Create one TransformerFactory per thread and reuse it
While transformer factories are not threadsafe, they are serially reusable. In order to improve efficiency, create one factory per thread and use that factory to generate the required transformers.
If frequent factory instantiation is unavoidable, improve performance by specifying factory names in either the Java system properties or the jaxp.properties file
Use of the Java API for XML Processing (JAXP) makes it possible for developers to change XML parser and XSLT processor implementations without having to rewrite application code. The names of the desired XML parser and XSLT transformer factories may be specified in several different locations which are searched in a prescribed order when an application instantiates a factory. Once a factory name is found the search terminates and an instance of the specified factory is constructed. The search order, as defined by the JAXP specification, is described below.
- Determine whether the factory name is specified as a Java system property.
- Look for jaxp.properties in the JAVA_HOME/lib directory.
- Check the META-INF/services directory of the appropriate jar for a file containing the factory name.
- Use the default factory name.
The META-INF/services directory of xalan.jar shipped with the Java XSLT processors in V1R6 of the XML Toolkit contains a javax.xml.transform.TransformerFactory file which specifies the default transformer factory implementation name. Factory names for both the javax.xml.parsers.SAXParserFactory and the javax.xml.parsers.DocumentBuilderFactory implementations are contained in the META-INF/services directory of xercesImpl.jar, also shipped with Java XSLT. During factory instantiation, the search for the factory names will proceed as described above until the request is satisfied in step 3. The search may be shortened by specifying the names as Java system properties or by using the jaxp.properties file.

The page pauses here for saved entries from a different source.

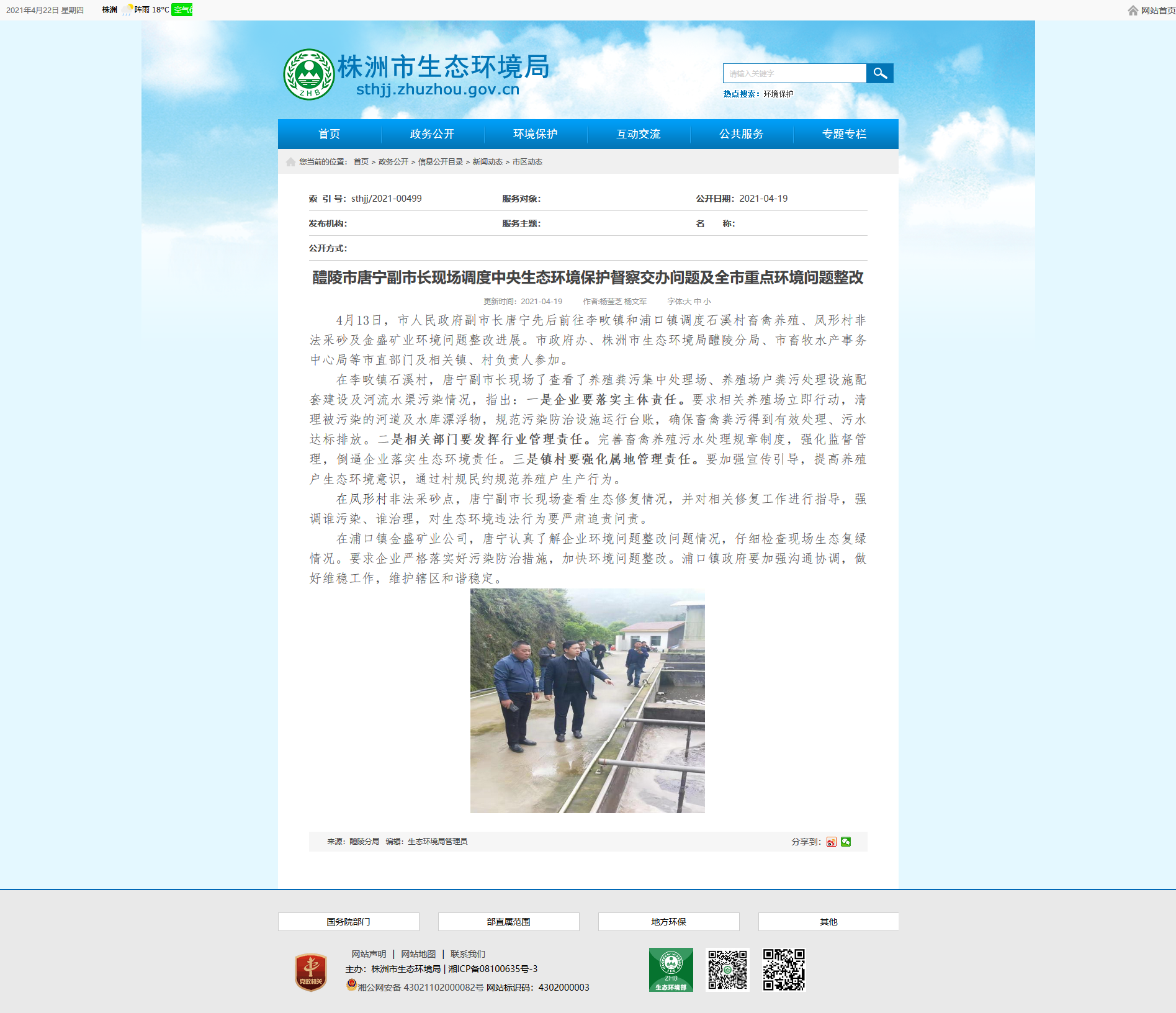 4月13日,市人民政府副市长唐宁先后前往李畋镇和浦口镇调度石溪村畜禽养殖、凤形村非法采砂及金盛矿业环境问题整改进展。市政府办、株洲市生态环境局醴陵分局、市畜牧水产事务中心局等市直部门及相关镇、村负责人参加。
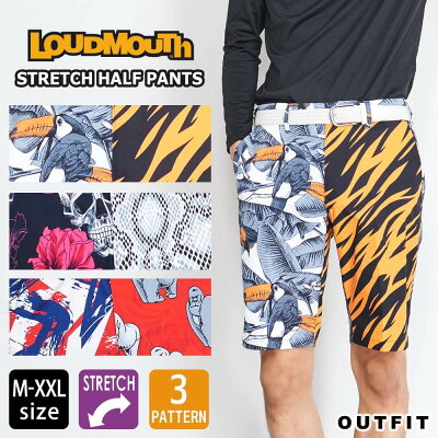LOUDMOUTH ラウドマウス ハーフパンツ ショートパンツ メンズ ゴルフパンツ ゴルフウェア メンズウエア ひざ上 半ズボン スポーツ おしゃれ ストレッチ UVカット 大きいサイズ M L LL XL XXL 春 夏 秋 ボトムス 個性的 柄 敬老の日 プレゼント ギフト outfit
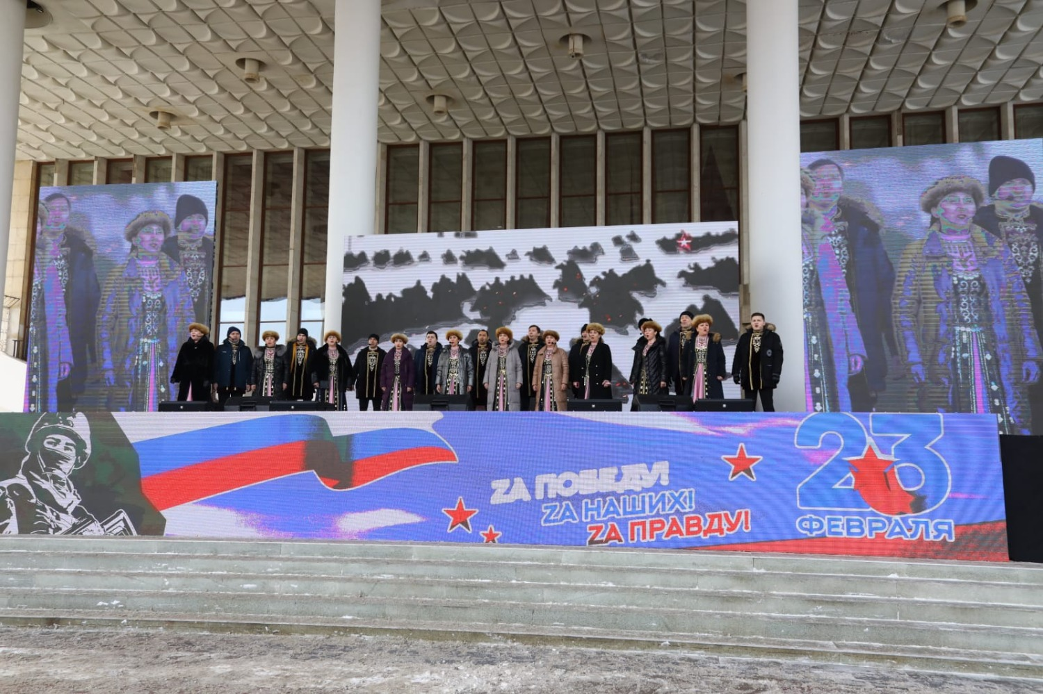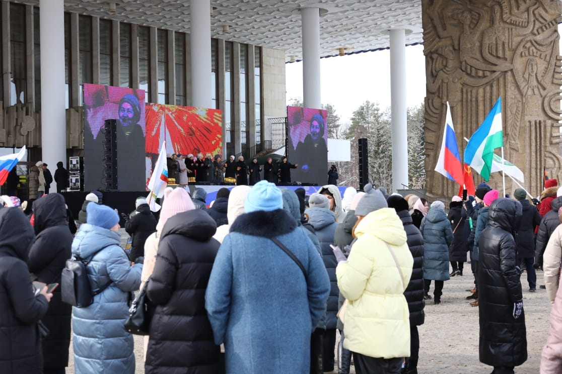 В Уфе на площади имени Ленина начался митинг-концерт, посвященный Дню защитника Отечества и поддержке российских военнослужащих, участвующих в специальной военной операции. На площадке перед Русским драмтеатром собралось несколько тысяч человек.
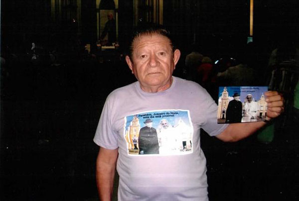 JOSÉ LEITE distribuindo impressos com a foto do PADRE CÍCERO e do PAPA FRANCISCO na CATEDRAL DA SÉ em SÃO PAULO.
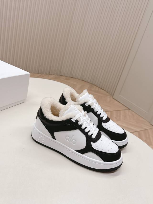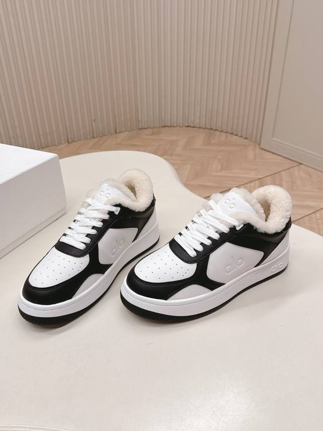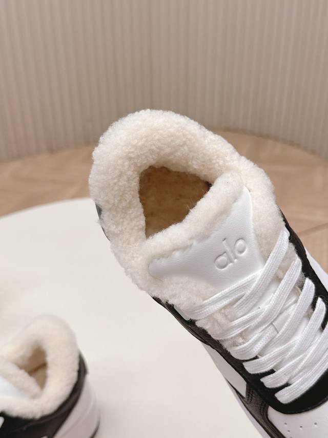 Selling Alo brand niche trendy white sneakers with wool uppers, featuring a color-blocked design, thick sole, comfortable and casual fit. Super versatile and incredibly comfortable! Despite the thick sole, they're not heavy at all! Very lightweight! Looks even better with socks! Also a celebrity-recommended style
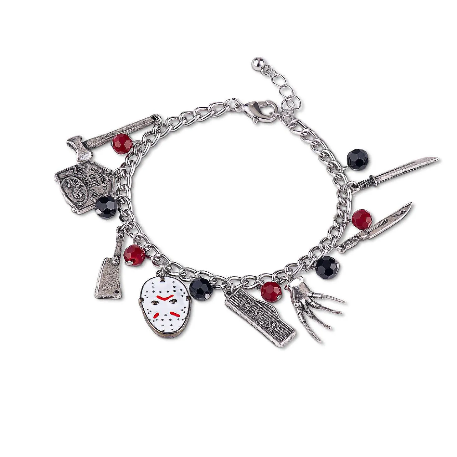 Freddy Vs. Jason 15Mm Enamel Charm Silver Finish Chain Bracelet Novelty Jewelry

Use of jaxp.properties was problematic in older versions of the Java XSLT processor as the file was physically opened and read each time a factory was instantiated. The V1R6 XSLT processors cache the contents of jaxp.properties in memory so physical file I/O is dramatically reduced. Therefore use of jaxp.properties in the newer versions of the code both shortens the search path and improves performance during instantiation of new transformer and parser factories.
You'll find a sample of jaxp.properties in the main directories of the V1R5 and V1R6 Java XSLT processors. To use the file, place a copy in the $JAVA_HOME/lib directory of your SDK.
Warning: jaxp.properties may adversely affect the performance of older parsers and XSL transformers on your system. Use this file with care.
XLTXE-J performance recommendations
Java 6 introduces new transformation technology with XLTXE-J.
This proprietary code offers a high-performance alternative to XSLT4J for customers, and represents the strategic direction for transformation technology.
Performance tests of standard benchmark documents have shown a geometric mean decrease in parsing cycles of roughly 20%, when using XLTXE-J vs. XSLT4J. Both test cases used a pre-compiled stylesheet to repeatedly transform the same document, as recommended for best performance.